> _RECORDED INFORMATION_

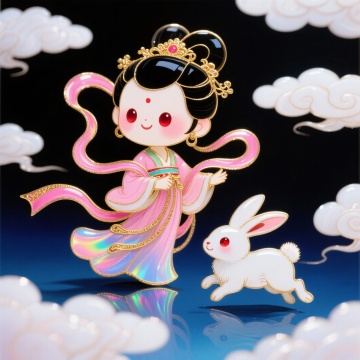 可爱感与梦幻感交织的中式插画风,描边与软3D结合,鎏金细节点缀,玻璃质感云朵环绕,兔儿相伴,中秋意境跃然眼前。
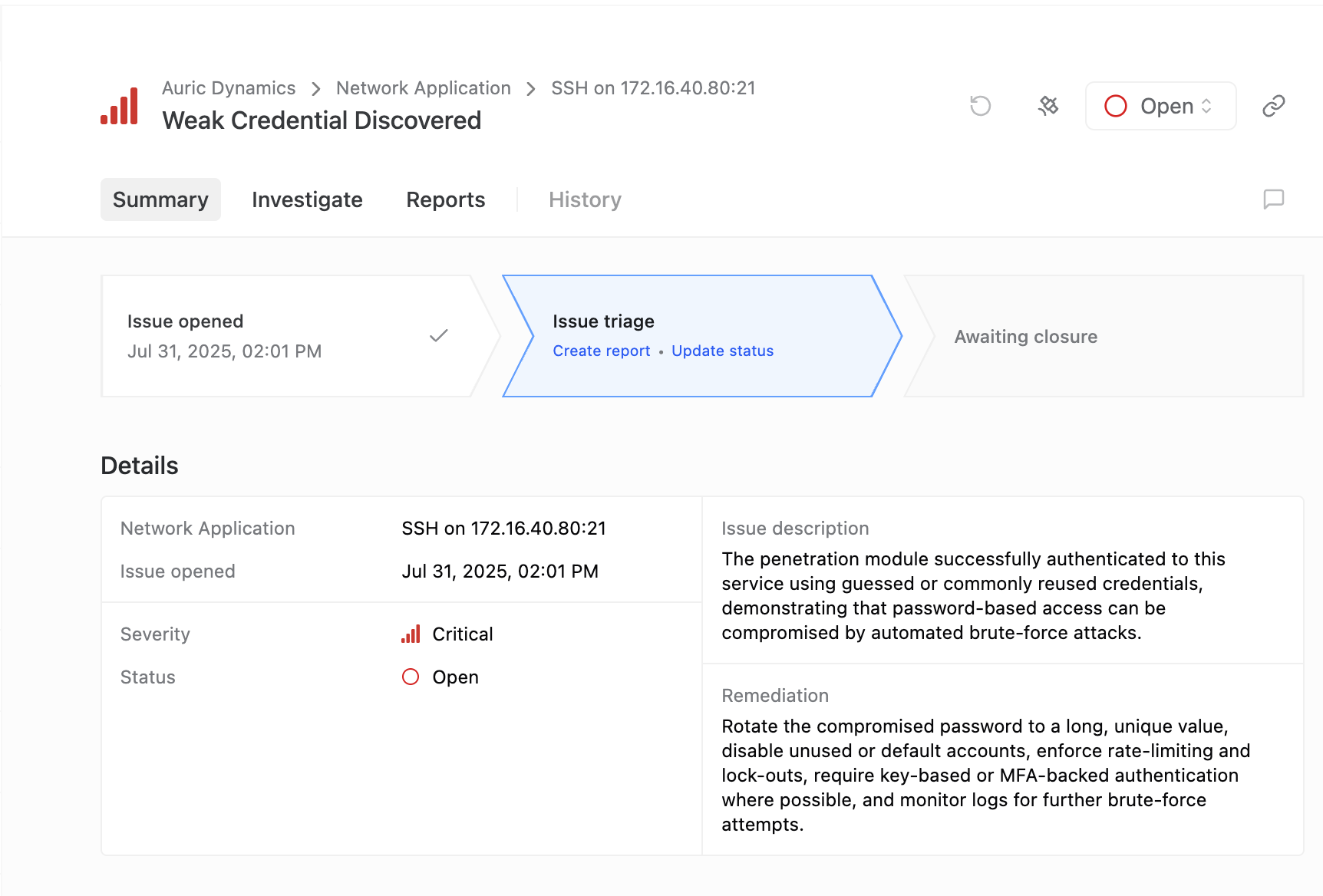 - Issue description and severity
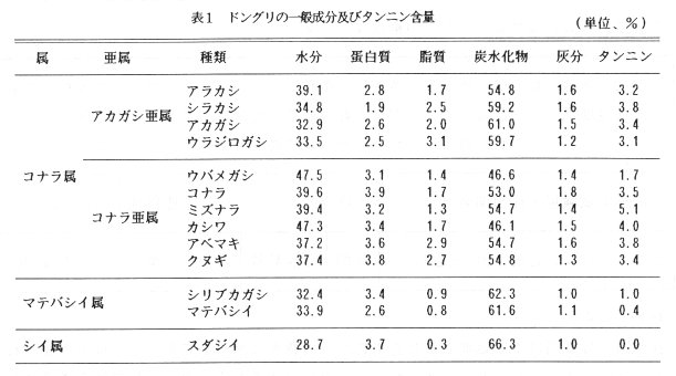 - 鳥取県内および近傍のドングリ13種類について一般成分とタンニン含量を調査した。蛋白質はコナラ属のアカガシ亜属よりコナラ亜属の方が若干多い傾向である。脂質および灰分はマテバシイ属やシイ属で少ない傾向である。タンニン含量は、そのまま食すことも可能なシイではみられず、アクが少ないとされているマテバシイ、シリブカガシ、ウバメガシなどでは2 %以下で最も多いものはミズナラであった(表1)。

> _EXERCISE DIRECTIONS_
Copy out each line of the data exactly as it reads; skip the pictures.

> _EXPECTED OUTPUT_
 可爱感与梦幻感交织的中式插画风,描边与软3D结合,鎏金细节点缀,玻璃质感云朵环绕,兔儿相伴,中秋意境跃然眼前。
 - Issue description and severity
 - 鳥取県内および近傍のドングリ13種類について一般成分とタンニン含量を調査した。蛋白質はコナラ属のアカガシ亜属よりコナラ亜属の方が若干多い傾向である。脂質および灰分はマテバシイ属やシイ属で少ない傾向である。タンニン含量は、そのまま食すことも可能なシイではみられず、アクが少ないとされているマテバシイ、シリブカガシ、ウバメガシなどでは2 %以下で最も多いものはミズナラであった(表1)。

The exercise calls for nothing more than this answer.